First and foremost HE SHOULD BE WEARING SAFETY GLASSES.

Here are a few points.
His dismissal about having your wheels co-planer is ridiculous. Your wheels should start out co-planer and unless you have done something major to your saw like add a riser block they are most likely fine.
Having the gullet of the blade at the center is not really accurate, the gullet is merely the axis or pivot point of the blade.
The bottom wheel stays perfectly vertical, while the top wheel tilts forward and backwards. This is how you track the blade and compensate for drift. The wheels are crowned across the entire width so center is a meaningless designation. If I tilt the wheel either forward or back, the "center" moves.
Remember, you are trying to track the blade to run true, not align a certain part of the blade to a certain part of the wheel.

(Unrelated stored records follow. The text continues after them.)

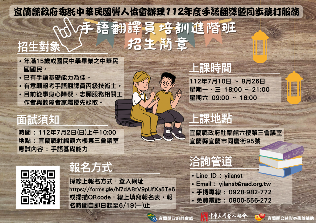 為培訓專業手語翻譯人才,宜蘭縣政府委託中華民國聾人協會辦理112年手語翻譯員培訓進階班,將於112年7月10日至8月26日,每週一三六開課,歡迎各界有志從事身心障礙或志願服務相關工作者踴躍報名,將聲音訊息轉化為手語呈現給需要服務的聽語障朋友,以達資訊無障礙之目的。
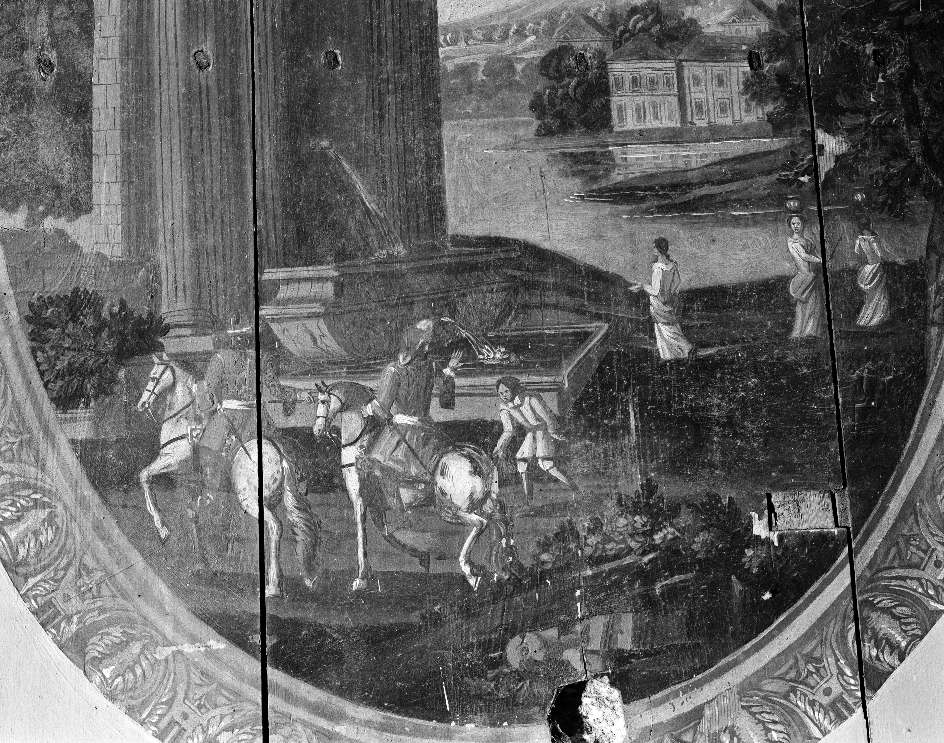 Dessus-de-porte, porte nord, Paysage avec une fontaine monumentale : les personnages (état en 1986)Immatriculation
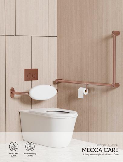 The ultimate solution for safe, stylish disability care bathroom accessories. With unbeatable strength, modern design, and easy installation, Mecca Care products o er unparalleled safety and dignity for individuals with disabilities. With a full range of options, including grab rail showers, grab rails, backrests, folding shower seats, and more, Mecca Care products are the ultimate solution for any DDA space, o ering both practicality and style. Make a lasting impact with Mecca Care, the new standard in disability care bathroom accessories.
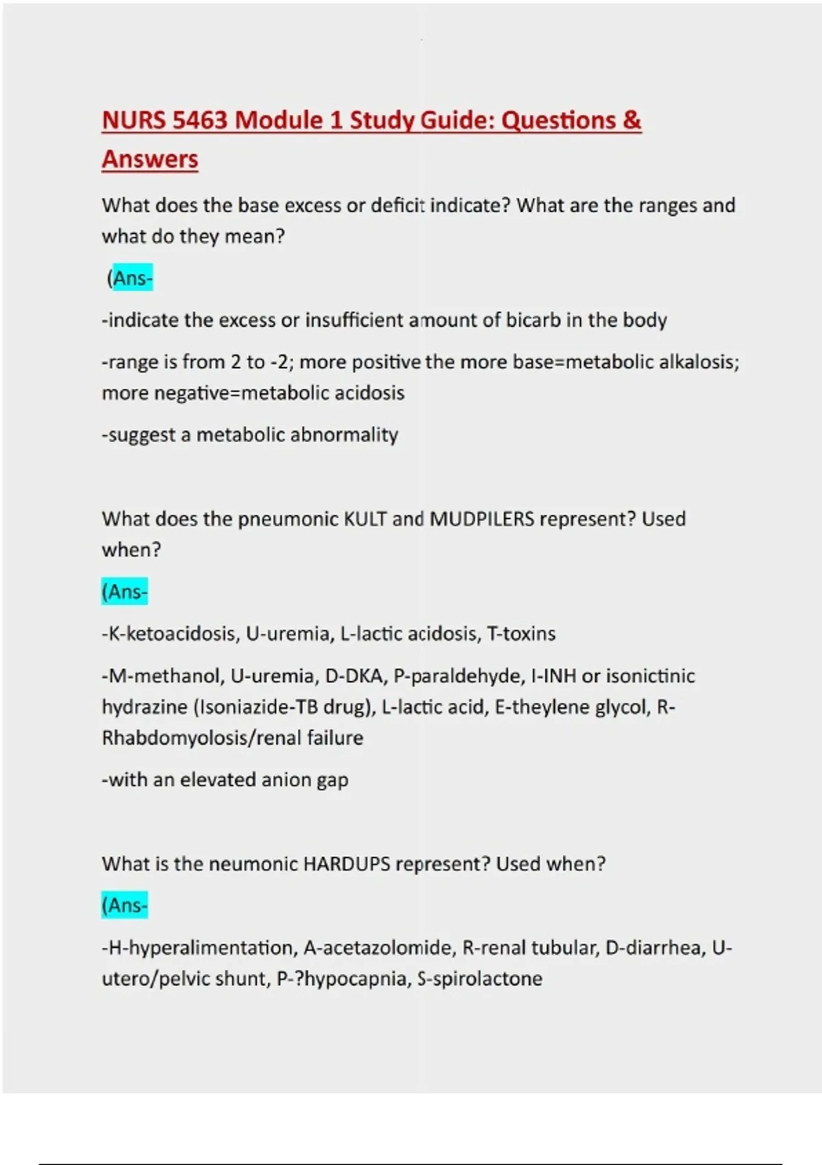 What does the base excess or deficit indicate? What are the ranges and what do they mean? (Ans- -indicate the excess or insufficient amount of bicarb in the body -range is from 2 to -2; more positive the more base=metabolic alkalosis; more negative=metabolic acidosis -suggest a metabolic abnormality What does the pneumonic KULT and MUDPILERS represent? Used when? (Ans- -K-ketoacidosis, U-uremia, L-lactic acidosis, T-toxins -M-methanol, U-uremia, D-DKA, P-paraldehyde, I-INH or isonictinic hydrazine (Isoniazide-TB drug), L-lactic acid, E-theylene glycol, RRhabdomyolosis/renal failure -with an elevated anion gap What is the neumonic HARDUPS represent? Used when? (Ans- -H-hyperalimentation, A-acetazolomide, R-renal tubular, D-diarrhea, Uutero/pelvic shunt, P-?hypocapnia, S-spirolactoneExplain the delta ratio, normal ranges, and what the ranges mean. (Ans- -it assess simultaneous acid-base disorders -normal range is 1-2 (pure metabolic acidosis) -Less than 1 means that there is a combined high anion gap metabolic acidosis and a normal metabolic acidosis -Greater than 2 means there is a high anion gap metabolic acidosis with a concurrent metabolic alkalosis. How do you calculate the delta-ratio?
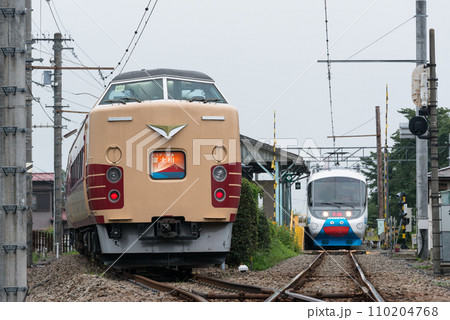 富士急行線に入線する183・189系豊田車 ホリデー快速富士山号
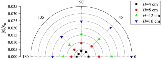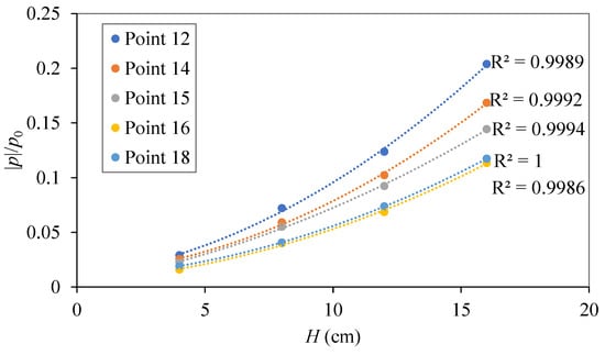 Figure 15 plots the distribution of the pore-water pressures around the mono-pile for various wave heights for T = 2 s at m. As shown in the figures, the pore-water pressure in the front () is the largest, while that in the rear is the smallest, which is close to Sui et al.’s numerical simulation results [16]. It is also noted that as the wave height increases, the pore pressure increases more rapidly. Figure 16 shows the quadratic polynomial fitting curves of the relationship between pore pressure and wave height at different points around the pile, in which is the coefficient of determination. According to Figure 16, the fitting curves are in good agreement with the experimental results, which suggests that pore pressure is related to wave energy (). As for the difference of the curves for different points, it may be because the presence of the pile changes the distribution of the wave energy.

With a standard setup with the fence on the left side of the blade.
If you need to tilt the top of the wheel towards you, this positions the blade further back on the wheel which in turn will track the blade to cut to the right, or away from the fence.
If you tilt the top wheel back, or away from you , this will position the blade forward on the wheel, which in turn will track the blade to cut to the left, or towards the fence.
These are not large adjustments.
I start the process with the blade roughly centered then perform a test cut, I usually adjust the tracking knob only 1/4 turn at a time and then perform another test cut. When the process is complete and the blade is tracking where you want it, it will most likely not be centered on the top wheel, that okay.

It's also important to keep in mind that he is a salesman for carter products.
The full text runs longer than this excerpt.